Hi Sherry. I was browsing Medium and found this excellent article written by you. Plus I bookmarked a whole bunch more of yours to read as time permits.
How is it that sometimes we randomly come across stuff that fits right into something we are currently suffering. I am not yet certain ( as compared with you and your sister) that I am in the same place with my 18 month younger sister. I might be though, and just in denial.
There are also many unanswered texts from her. Then late last night I received a reply to my “ hope you have a good Labor Day long weekend” text to her.

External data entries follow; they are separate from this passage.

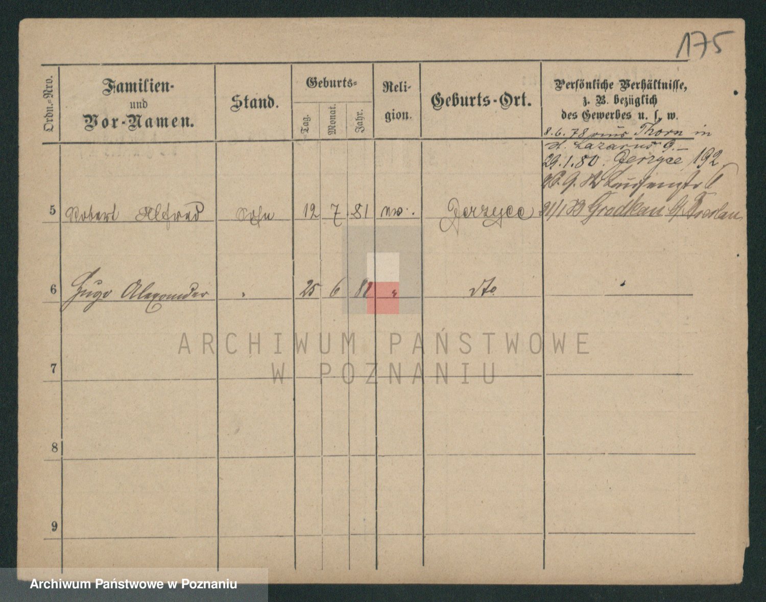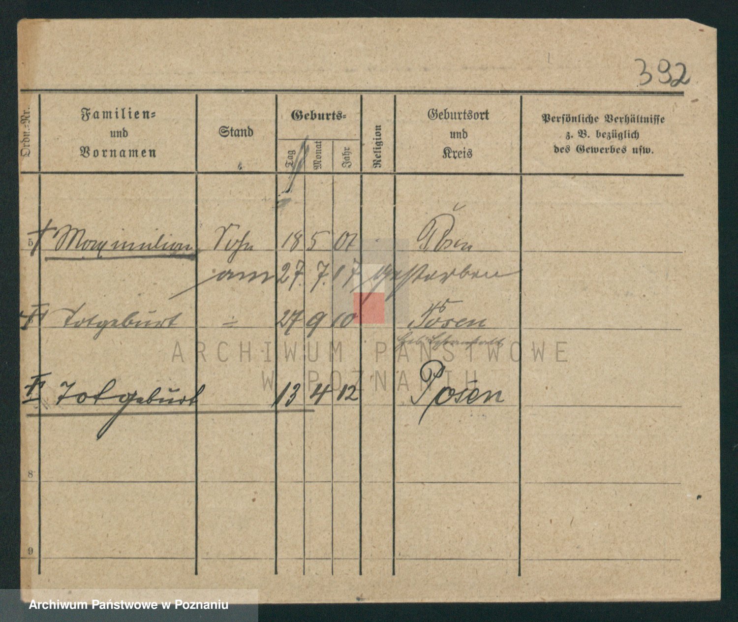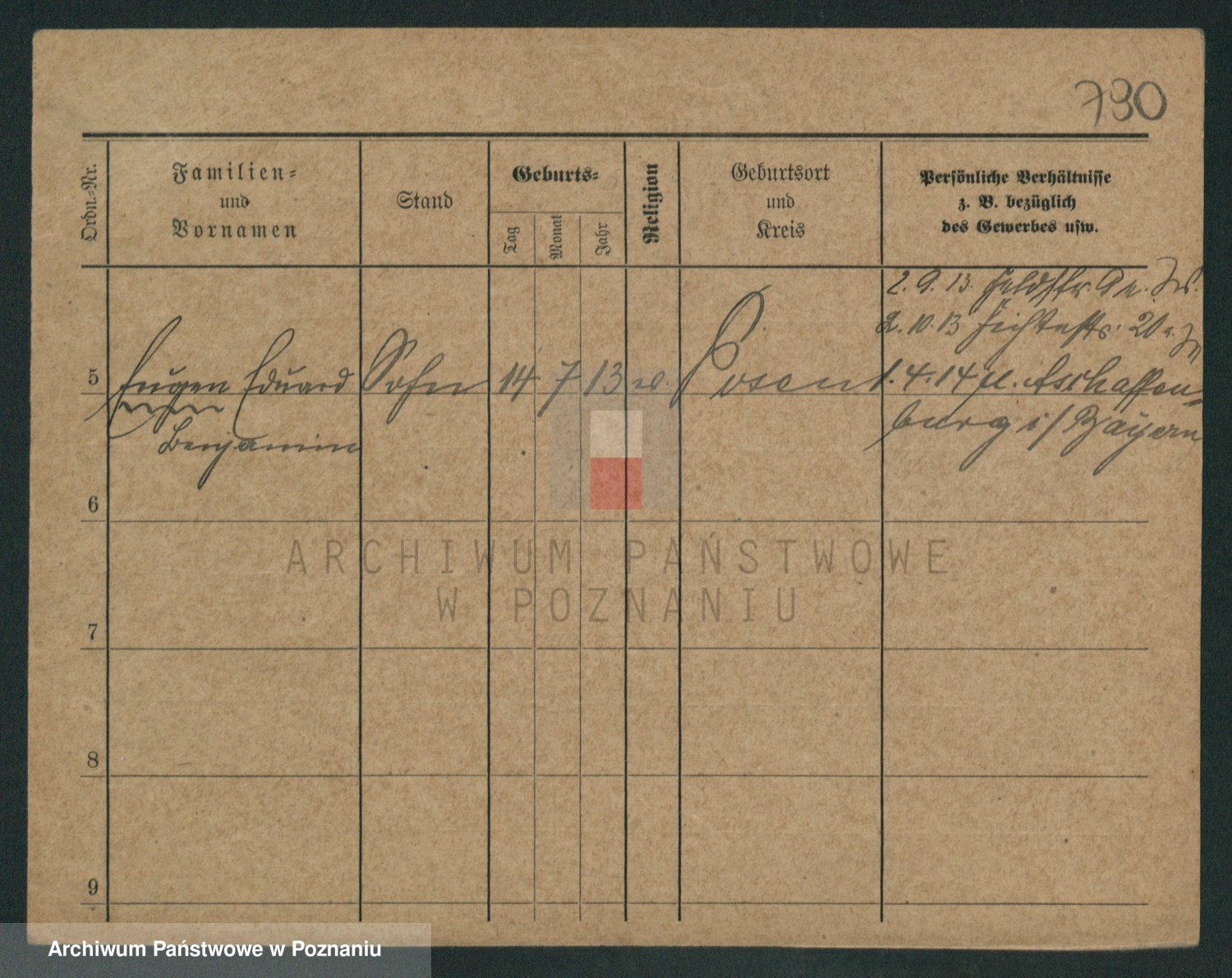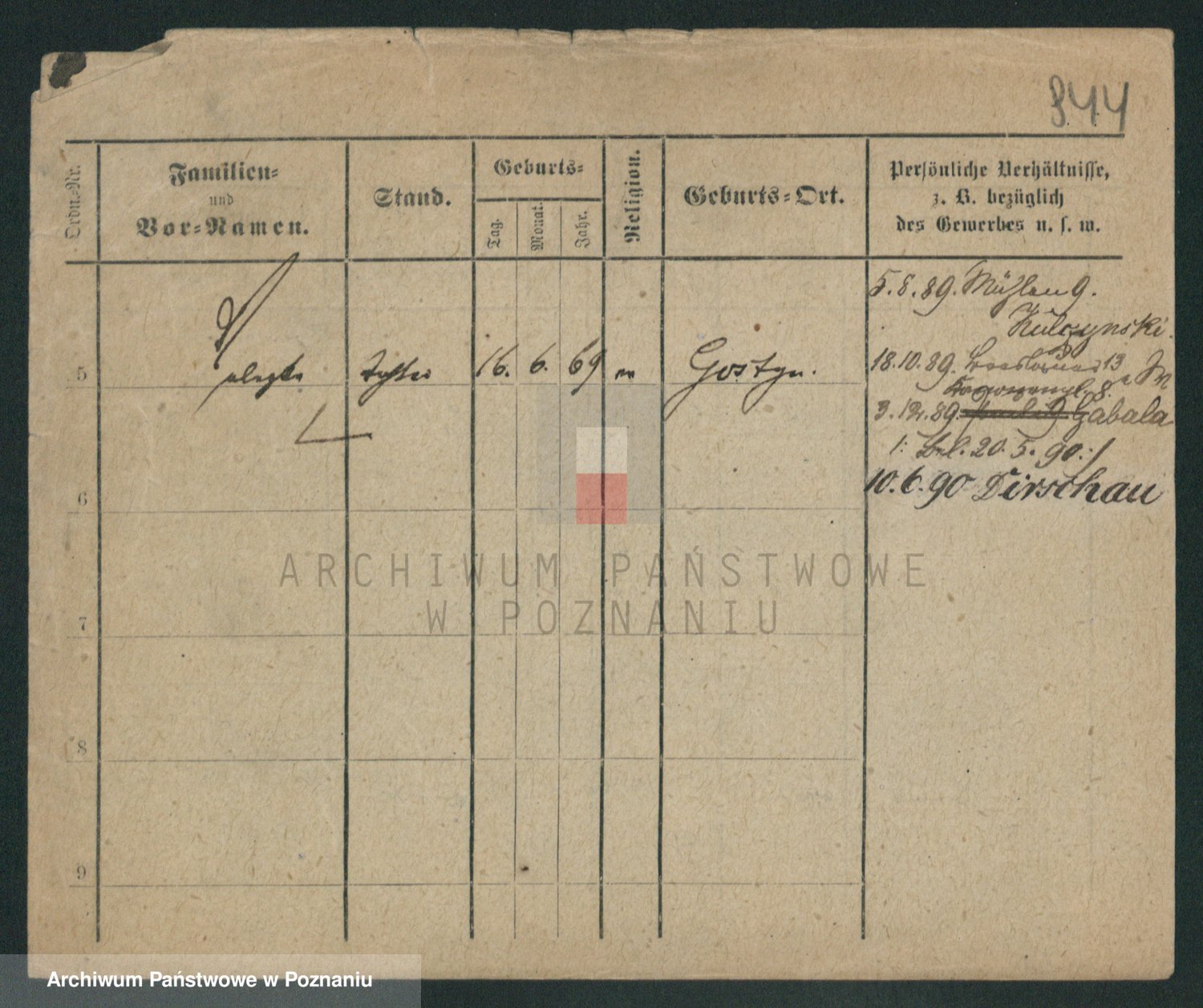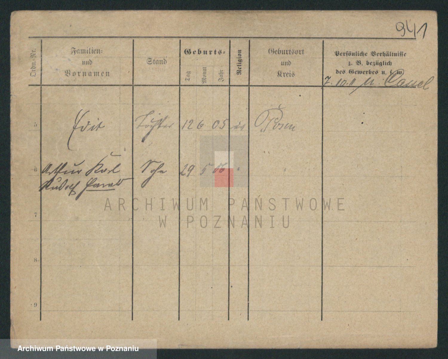 Podgląd karty osobowej dostępny jest po kliknięciu na nazwisko lub ikonkę karty. Można dokonywać powiększenia (ikony na górze) lub przechodzić między kolejnymi skanami (strzałki po bokach).
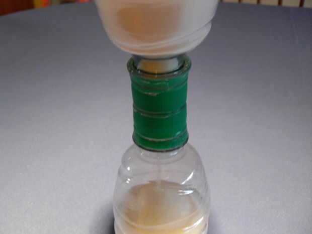 Luego, voltear una botella encima de la otra y pegan las tapas.
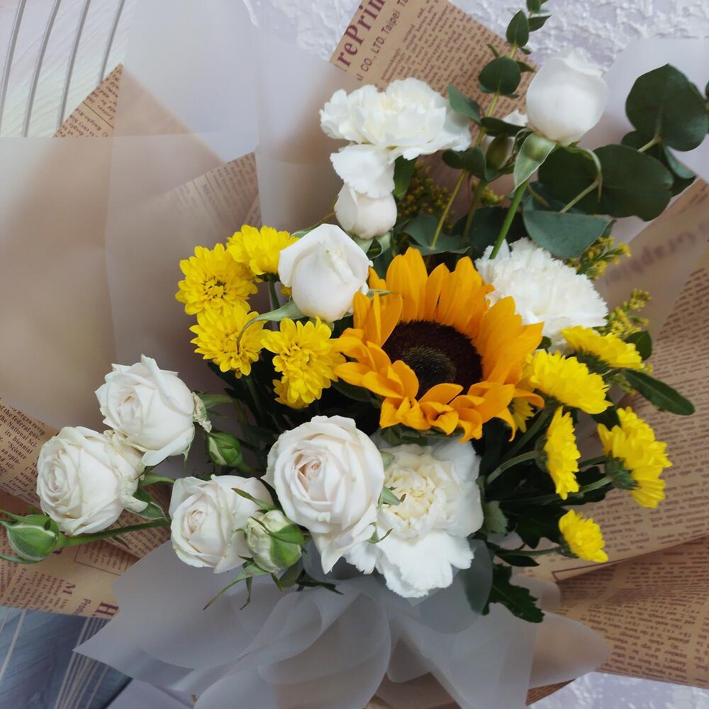 Категорий: Гвоздики, Кустовые розы, Подсолнухи, Розы, Хризантемы
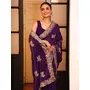 Voilet Color Designer Satin Fabric Saree For Ceremonial Looks
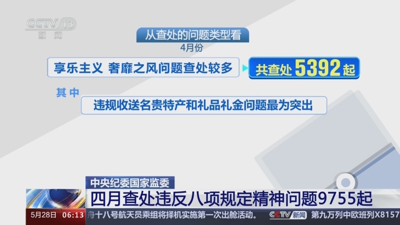 中央纪委国家监委 四月查处违反八项规定精神问题9755起
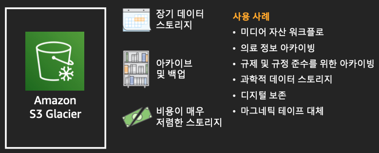 Glacier는 S3옵션중 선택할수 있는 여러 옵션중 하나로, 매우 저렴한 데이터 아카이브용 스토리지 서비스를 활용할수 있습니다.
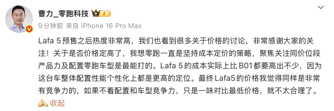 就像曹总说的,15万以内没有比Lafa 5产品配置更强的车型了,目前预售10.58W起步,我觉得诚意OK,期待下上市正式价格。
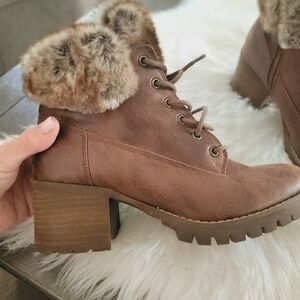Carlos Santana Gabby Fur Lace Up Bootie 10
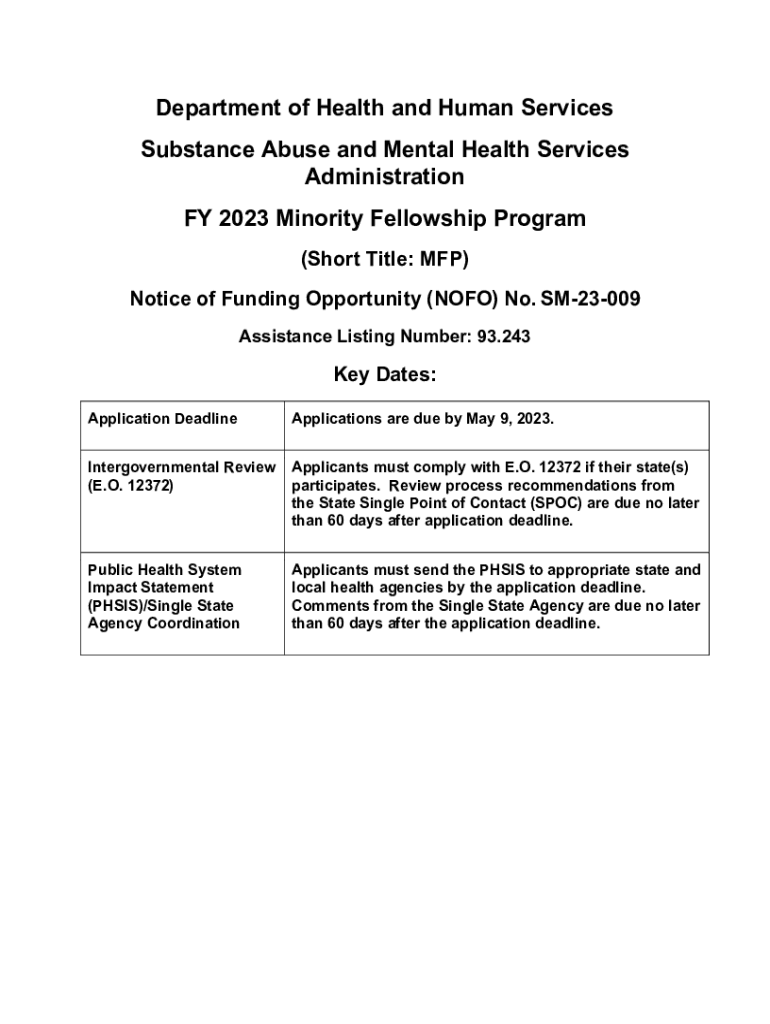 Department of Health and Human Services Substance Abuse and Mental Health Services Administration FY 2023 Minority Fellowship Program (Short Title: MFP) Notice of Funding Opportunity (NO FO) No. SM23009
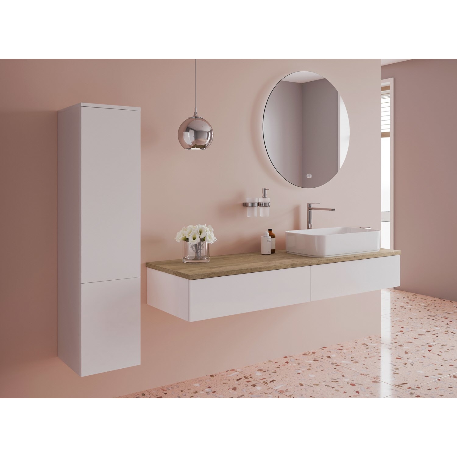 Waschtisch und Armatur sind nicht im Lieferumfang enthalten.
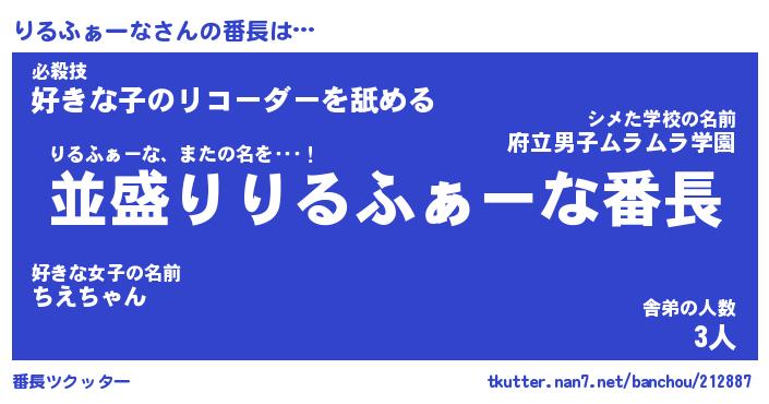 | 意味不明あだ名 | 『ペロリンりるふぁーな』 |
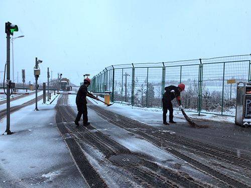 突击队队员们顶着风雪,拿着铁锹,抬着盐袋,一边清扫,一边撒盐,大家齐心协力,配合默契,经过近一小时的奋战,公司地磅房、廊道、综合楼出入口的积雪全部清扫干净,及时消除了安全隐患,为公司安全生产和职工出行扫清了障碍。
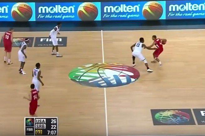 Teams can put him in unique situations knowing he has the agility to keep up anywhere on the court. During the second quarter of the Serbia game, U.S. head coach Don Showalter had the team running a 1–3–1 zone press to change things a bit. It’s fairly typical to see the small forward take the role of chasing the point guard. In this case, it was the 6-foot-10 Giles at the tip of the spear, completely engulfing 6-foot-5 Stefan Peno, Serbia’s starting point guard:
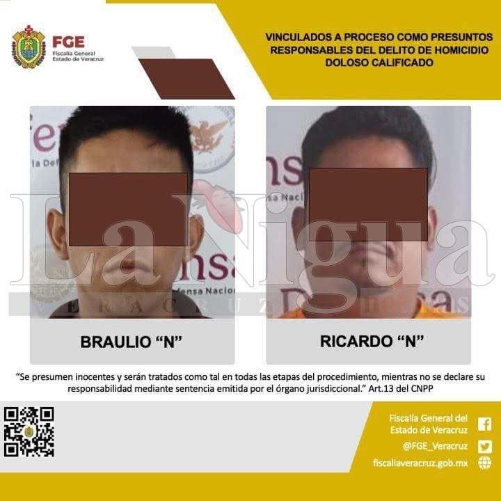 Jalacingo, Ver.– La Fiscalía Regional con sede en Xalapa logró que un juez de control dictara vinculación a proceso en contra de Braulio “N” y Ricardo “N”, quienes son señalados como probables responsables del delito de homicidio doloso calificado en agravio de un hombre identificado con las iniciales B.M.A.
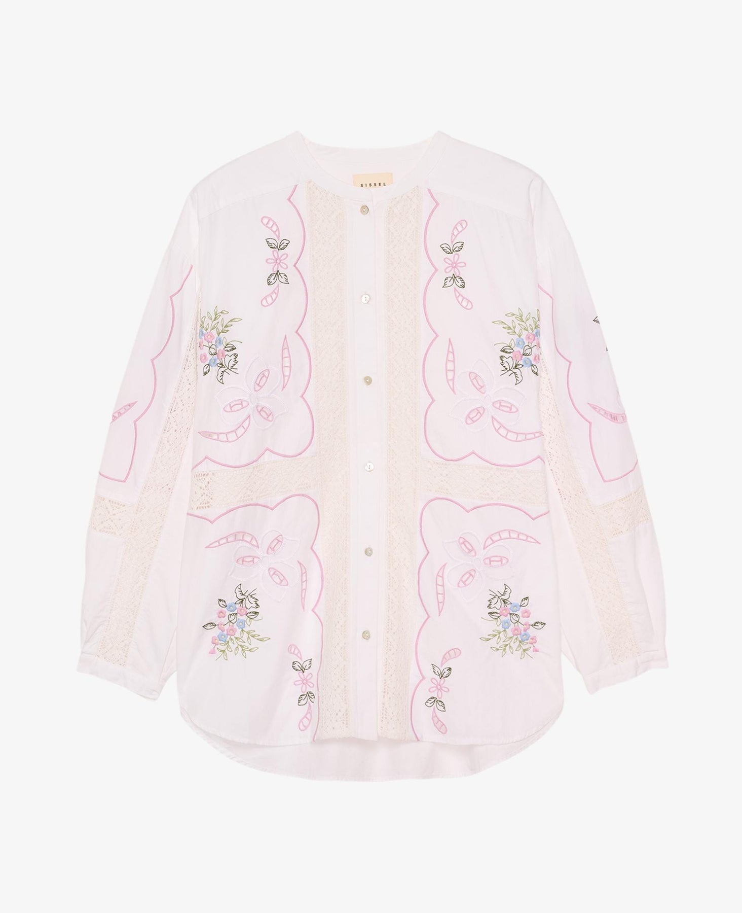 Biała koszula marki Sissel Edelbo z haftowanymi motywami kwiatowymi w pastelowych kolorach i koronkowymi detalami. Koszula ma luźny krój i wykonana jest z bawełny organicznej.
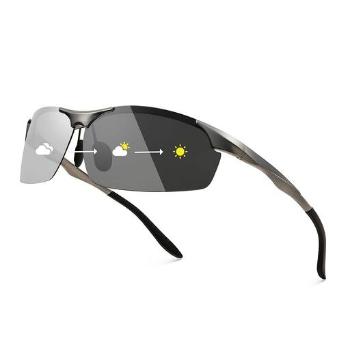 晴れマーク【調光サングラス】調光サングラスが『紫外線の強さよりレンズの色が変わってくる』、紫外線に反応して色がが変わるグラスで屋外の陽に当たるところでは徐々にレンズに色が付き、室内に入ると徐々にレンズカラーが薄くなり、レンズの素材にハロゲンと銀を混ぜ、紫外線に当たると、ハロゲンと銀が分解し、そのレンズの色が濃くなり、こういう化学の利用より、調光サングラスになります。 紫外線が弱いとレンズの変化が時間がかかりますので、ご注意ください。 晴れマーク【偏光レンズ】クリアな視界を与える偏光サングラス、道路標識がギラツキや乱反射、道路面が反射して白線が見えない、ランニング中、下方からの光の照り返しで目が疲れる、ゴルフでグリーン上の起伏が把握しにくい様々なところを偏光サングラスでその光がしっかりカットでき、目に優しく保護です。 晴れマーク【超軽量&スッキリデザイン】通常のメガネと比べて、一体式の鼻パットはフィット感をより高めたほか、鼻へ圧迫が軽減されます。

You know what? I have not yet opened her response. I am so afraid that it will either be terse and cold, reprimanding, guilt inducing or worse. I do not want any of that to invade the enjoyment of my weekend. As strong a person as I am, I think I might obsess over what she wrote.
Sound a bit familiar?
Thing is, with the schitzo relationship she often exhibits toward me, it might be an ok text. Some have been even after months of silence.
I was going to ask my Honeyman to screen her text reply for me. Yet if he says, “ No ,you don’t want to read that” . Or if he’s like: no comment. Well then I will know, won’t I.
So bottom line, at the moment and maybe for the whole weekend, I will pretend that I am one of those barnyard animals that are often deep fried by Colonel somebody.